А ещё эта женщина сказала, что старое имя "Проворный Челнок" её не устраивает, потому что может оказаться, её по нему опознают люди, до которых донесётся весть о её бегстве. Поэтому приняла имя своего избранника, чуть изменив. Собственно, это имело определённый смысл, потому что называя её "Забиякина" братья не врали по существу, просто не говорили одной правды, вместо этого сообщая другую. То есть, не гневили духов заведомой ложью.
Да, вот какие выверты выкидывает порой логика древних людей.
Перезимовали без потерь, хотя и впроголодь. Не особенно обильным оказалось выбранное место. Поэтому с приходом тепла тронулись на поиски подходящей земли, которую можно было бы занять. Или племени, готового принять их в свои ряды. Увы, и с тем, и с другим ребятам не везло. Чужаков нигде не любят. Хорошо еще, что у мальчишек хватило ума не хвастаться тем, как они обошлись с Говорящим с Духами, а то ведь и зашибить могли. А так – просто прогоняли.
Второй брат женился, когда пришло время рожать супруге старшего. Словом, едва начались схватки, парни разбежались кто куда.

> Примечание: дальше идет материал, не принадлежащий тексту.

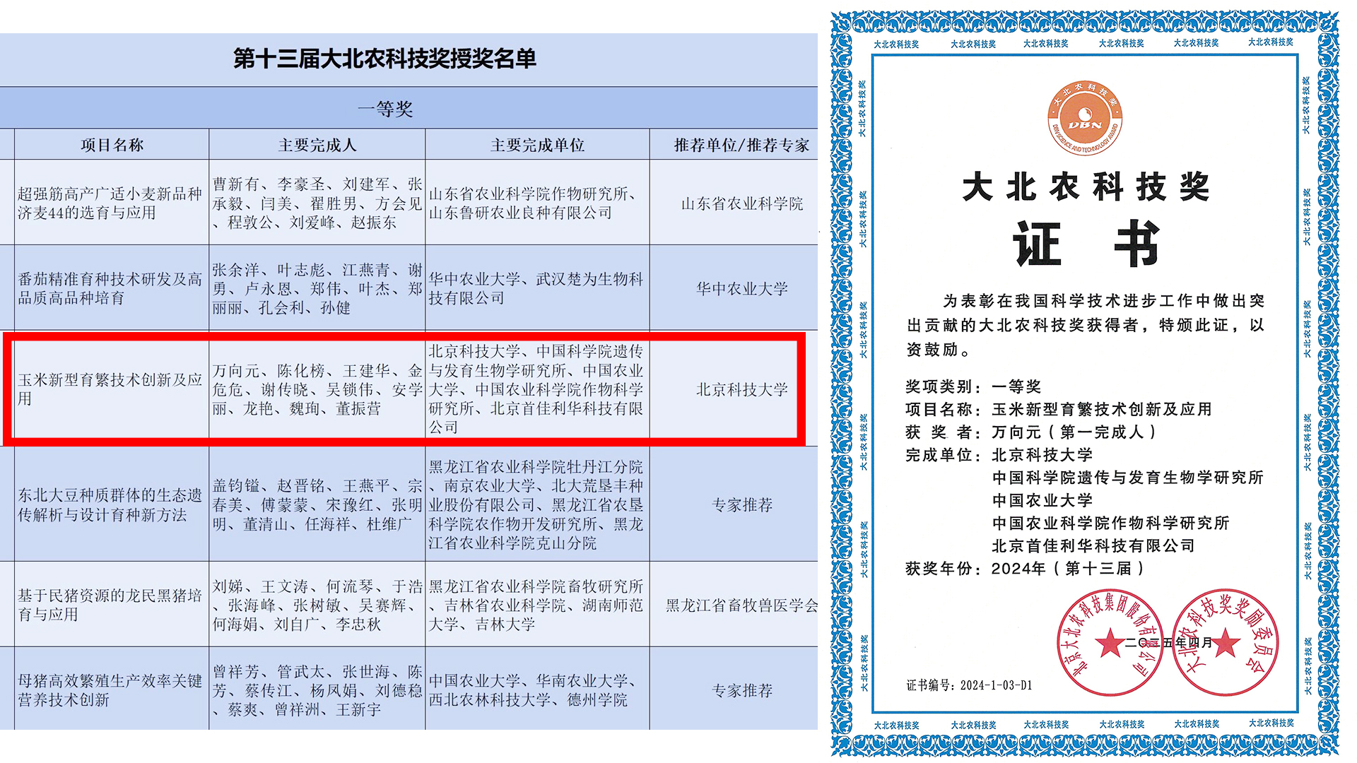 由我校万向元教授主持完成的《玉米新型育繁技术创新及应用》项目成果荣获第十三届大北农科技奖一等奖。该成果历经13年联合攻关,创新地提出了玉米雄性不育及无隔离母本系的生物育种新思路;发掘玉米优异基因,发明整合分子设计育种技术体系,精准创制优异亲本系;在此基础上,培育并审定系列玉米新品种,率先尝试开展不育化和无隔离制种;此外,创新玉米种子活力检测和生产理论,首创高活力种子生产技术体系,并应用于玉米杂交种生产。该成果为解决我国玉米生产“三缺两低”(缺乏可用的母本不育系、优异父本系和突破性杂交种,及种子生产效率和种子活力偏低)的难题提供系统解决方案;相关新品种和种子生产技术累计推广应用超过1000万亩,直接经济效益超10亿元,成为科技赋能作物种业的生动实践。我校参与完成人还有吴锁伟教授、安学丽教授、龙艳教授、魏珣教授和董振营副教授。

Повезло среднему – в ближнем стойбище нашёл он женщину, согласную помочь роженице. Всё закончилось благополучно, а "повитуха" присоединилась к скитальцам. Почему? Те же тёрки с местным властителем душ. Вот не любят они, когда им перечат и не дают прыгать с бубном вокруг корчащейся в схватках женщины.
Так что Тына (а она мигом поступила со своим именем также, как и Быга), покинула племя, к которому прибилась вместе с матерью, после конфликта с шаманом предыдущего селения. Матушку свою она потеряла предыдущей зимой, и ничто более не удерживало ей среди чужих людей.
Третью женщину для младшего брата искать или встречать не пришлось. Охотница сама их нашла на одной из неуютных зимних стоянок. Её, видишь, какое дело, родители неволят. Не велят охотиться, а велят у очага домашнего хлопотать, чем привлечь жениха, потому как пора пришла заводить своего мужчину и ухаживать за ним, как предки заповедали. И снова вдали замаячила фигура духовного лица, которое грозило отвратить от девки неразумной благорасположение хозяина лесов.
Я, конечно, не всё рассказал, что выпытал, а только то, что проливает свет на моральный облик моих ближайших родственников. Карбонарии, понимаешь, вольнодумцы. Бунтари и отщепенцы. Вот и не знаю теперь, хорошо это, или плохо.
С одной стороны, люди они ершистые и в других сообществах явно не ужившиеся. С другой – много повидавшие и взявшие на вооружение опыт не менее чем четырёх разных культур. То-то у них и одно ладно, и другое хорошо. Вот только, что это за место они освоили, где не видно чужих охотников? До такой степени не видно, что аж дичь непуганая бегает рядом с домом?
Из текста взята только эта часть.